Run the parity suite (skips gracefully if R is unavailable):

```bash
pytest tests/ -v
```

* `tests/test_smoke.py` -- 18 algorithmic tests, no R needed.
* `tests/test_r_parity.py` -- 8 tests vs Bioconductor lipidr.

## Benchmark

```bash
python examples/benchmark.py --runs 2
```

On the bundled example the full Python pipeline runs roughly **8x**
faster than the equivalent R pipeline (mostly by skipping Rscript /
Bioconductor startup).

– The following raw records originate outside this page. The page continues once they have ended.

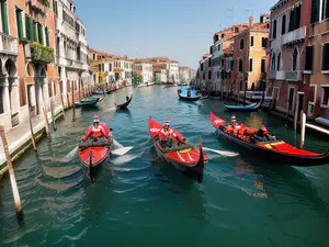 Levendige sfeerimpressie van een typisch Venetiaans kanaal met drie rode gondels die tussen de karakteristieke pastelkleurige paleizen door varen. Het turquoise water weerspiegelt de historische architectuur met zijn kenmerkende bogen en balkons. perfect beeld voor reisbrochures, toeristische websites of artikelen over Italië.
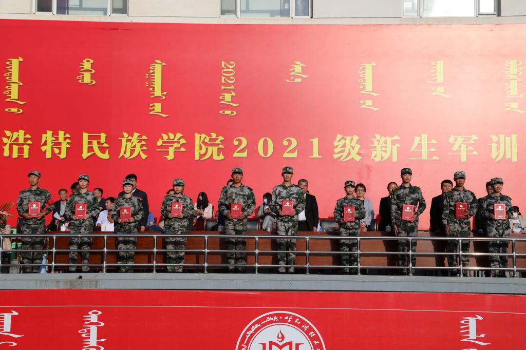 随后,胡春梅副书记宣读了《关于表彰2021级新生军训工作先进集体和个人的决定》,大会对会操、内务、板报、拔河、歌咏、军事训练先进集体和优秀教官、先进个人、优秀学生干部、优秀标兵进行了表彰。音乐学院沈冬怡同学代表2021级全体同学向学校汇报发言,她分享了军训感受并表态在今后的学习和生活上要发扬坚韧不拔、百折不挠的精神,不断提高自我综合素质,做一个积极向上、身心健康的新时代大学生;体育学院布音图同学代表教官和老生发言,他希望学弟、学妹们,要珍惜大学时光,做一些能够让自己充实的事情,不断提升自身修养,同时也要自信、自立、自强,用自信撑起一方天空,用自立经“赢”大学,在大学生活中绽放青春,扬帆起航。
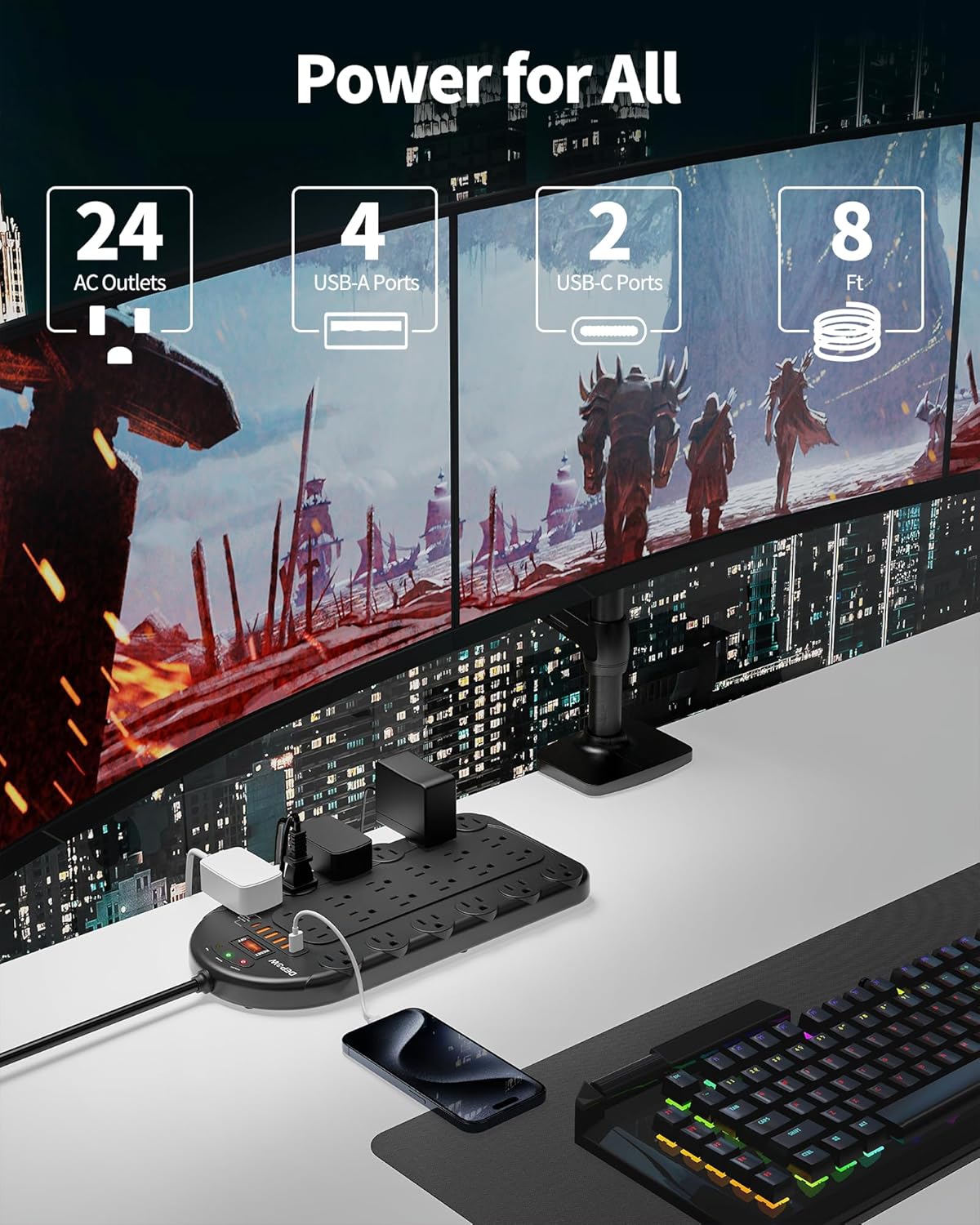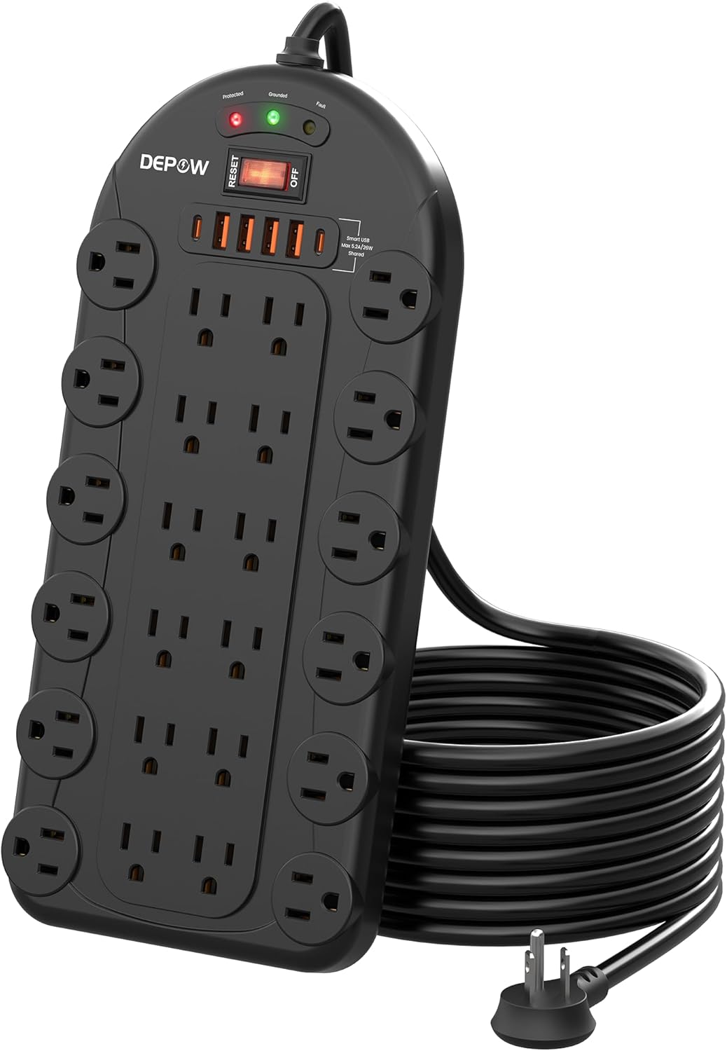 【30-in-1 Power Station】DEPOW power strip surge protector is the ultimate power hub for your office or home. With its 24 grounded outlets (1875W/15A), it provides plenty of space to plug in all your electronic devices. The power strip also features 6 USB ports (2 USB-C ports) with a shared 5.2A/26W output, allowing you to charge multiple devices at once.

See `examples/compare_R_vs_Python.ipynb`.

## Citation

If you use `pylipidr`, please cite the original lipidr paper:

> Mohamed A, Molendijk J, Hill MM. **lipidr: A Software Tool for Data
> Mining and Analysis of Lipidomics Datasets.** *J. Proteome Res.* 2020,
> 19(7):2890-2897. doi:10.1021/acs.jproteome.0c00082

and, for the reused engines, the Goslin
(Kopczynski et al., *Anal. Chem.* 2020) and limma
(Ritchie et al., *Nucleic Acids Res.* 2015) papers.

## License

MIT -- the same license as upstream lipidr. See `LICENSE`.